How Dr Stuart McGill Would Explain Back Pain To A New Patient
Back pain isn’t the death sentence you think it is. Majority of people can get better with a little understanding and dedication.
Dr. Stuart McGill PhD is a spine biomechanist at the University of Waterloo. Over the years, he has conducted numerous lab experiments on the human spine to figure out how much load it can take, what motions cause it to become injured and more. He’s the author of some awesome books, such as Back Mechanic: The Secrets to a Healthy Spine your Doctor isn’t Telling You, which was written specifically for chronic low back patients to better understand and resolve their condition.
Dr Stuart McGill’s Bio: Dr. McGill is a professor emeritus, University of Waterloo, where he was a professor for 32 years. His laboratory and experimental research clinic investigated issues related to the causal mechanisms of back pain, how to rehabilitate back-pained people and enhance injury resilience and performance. This produced over 240 peer-reviewed scientific journal papers, many international awards, and has mentored over 40 graduate students during this scientific journey.

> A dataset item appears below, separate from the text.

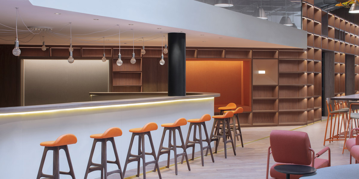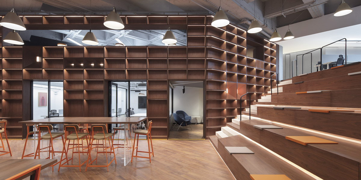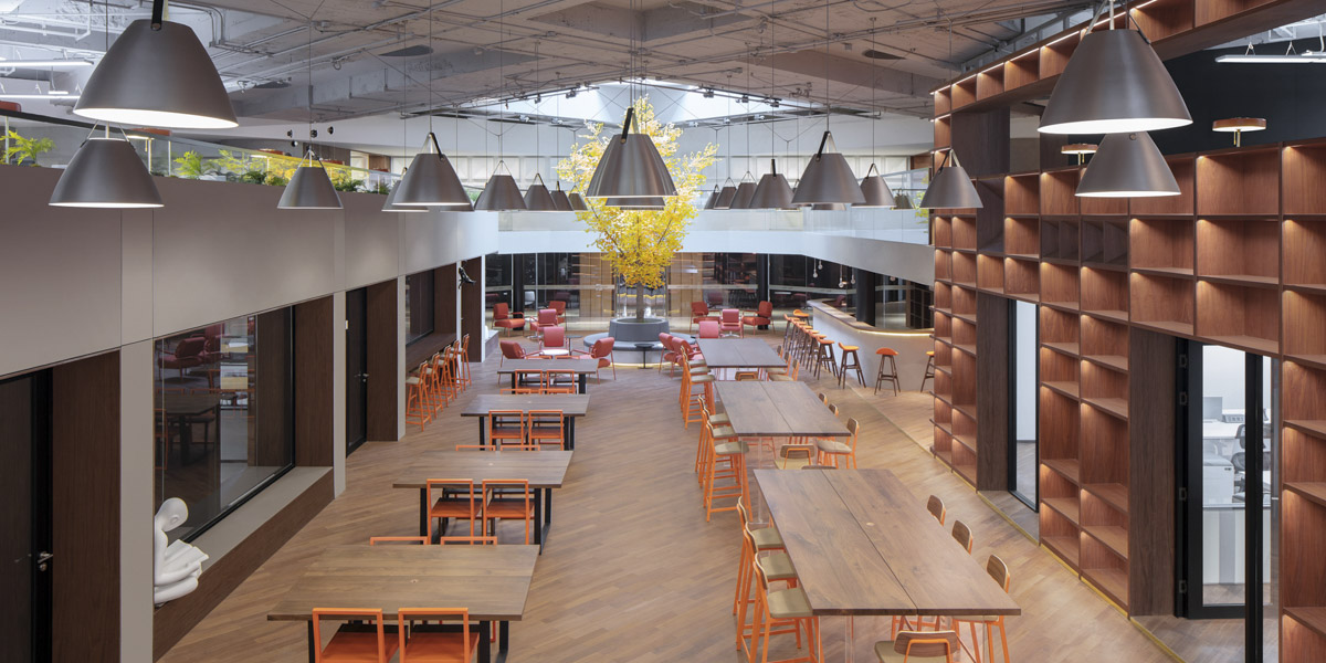 The restructure of the high-ceiling building allowed to open two floors instead of one, creating more functional spaces. The colorful speaker-styled theme has been inspired by a media center designed by anySCALE. By university style and plump golden ginkgo tree in the center of the courtyard, designers strived to bring rejuvenating energy into this place. Above it, through the open sky well, the lights come into space.

I’m honored to have him on this podcast session. Our goal today is to breakdown the common questions patients have about back pain. If you’re a healthcare provider you’ll know what questions I’m talking about:
- Should I stretch my back?
- Is my pain from a disc herniation?
- How can I overcome a weak back?
- Why does it hurt when I sit?
These are just a few of the topics. Basically this podcast was designed to fit the best spinal hygiene information within an hour and 15 min block. If you’re a healthcare provider, share this with your patients. If you’re a patient, share this with your doctor or your spouse with back pain.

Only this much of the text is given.